* [SUPPLIED DATA]
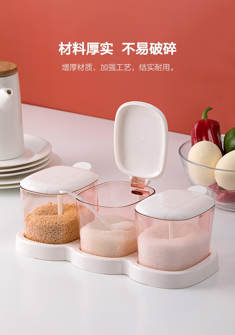 茶花(CHAHUA) 茶花 调味罐调料盒调味瓶三件套装厨房用品创意欧式调味盒盐罐 颜色随机300ml*3
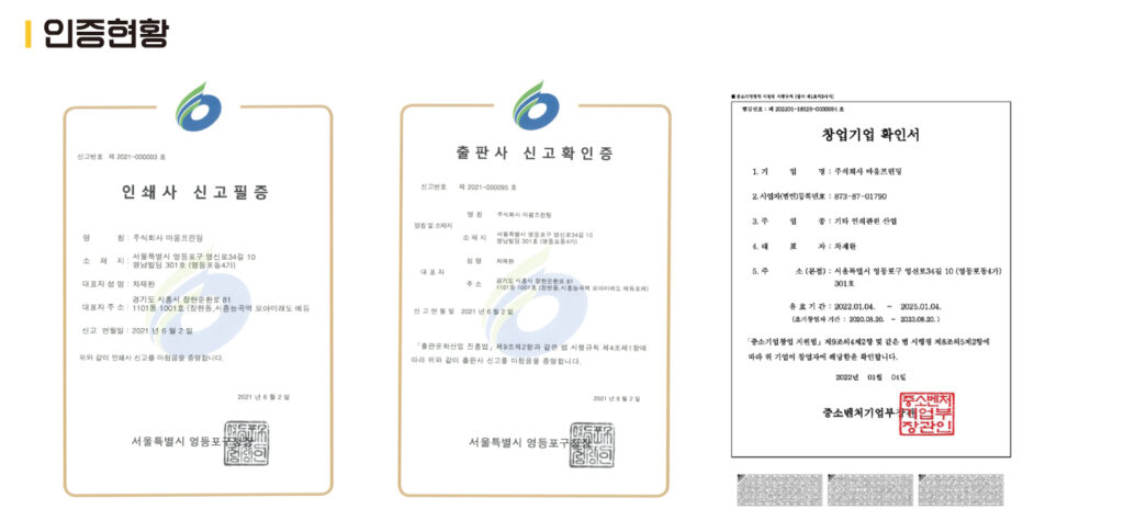 ‘마움프린팅’라는 이름의 법인으로 새롭게 재정비하게 되었습니다.
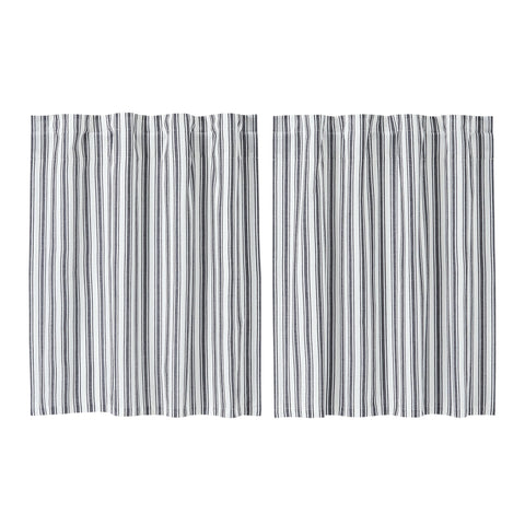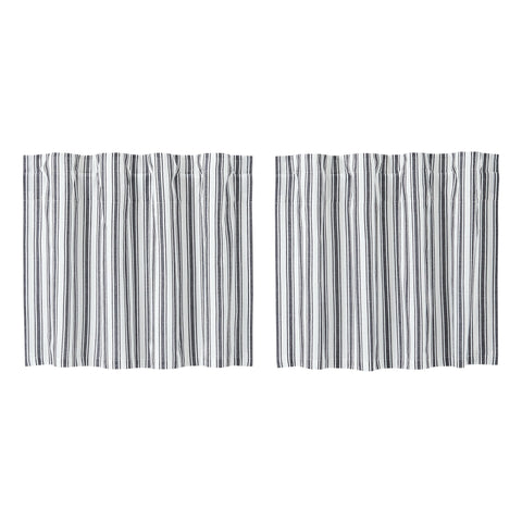 Bring a farmhouse mood to your window with the Farmstead Black Ticking Stripe Tier Set of 2. Featuring repeating, country black ticking stripes woven into soft white cotton base. This farmhouse tier curtain is lined with white cotton to reduce fading and light penetration; finished with a standard 3 inch hem fold at the bottom to complete the farmhouse look.

* [ABOUT THIS TASK] Return the lines above exactly; the images are not part of the copy.

* [TASK ANSWER]
 茶花(CHAHUA) 茶花 调味罐调料盒调味瓶三件套装厨房用品创意欧式调味盒盐罐 颜色随机300ml*3
 ‘마움프린팅’라는 이름의 법인으로 새롭게 재정비하게 되었습니다.
 Bring a farmhouse mood to your window with the Farmstead Black Ticking Stripe Tier Set of 2. Featuring repeating, country black ticking stripes woven into soft white cotton base. This farmhouse tier curtain is lined with white cotton to reduce fading and light penetration; finished with a standard 3 inch hem fold at the bottom to complete the farmhouse look.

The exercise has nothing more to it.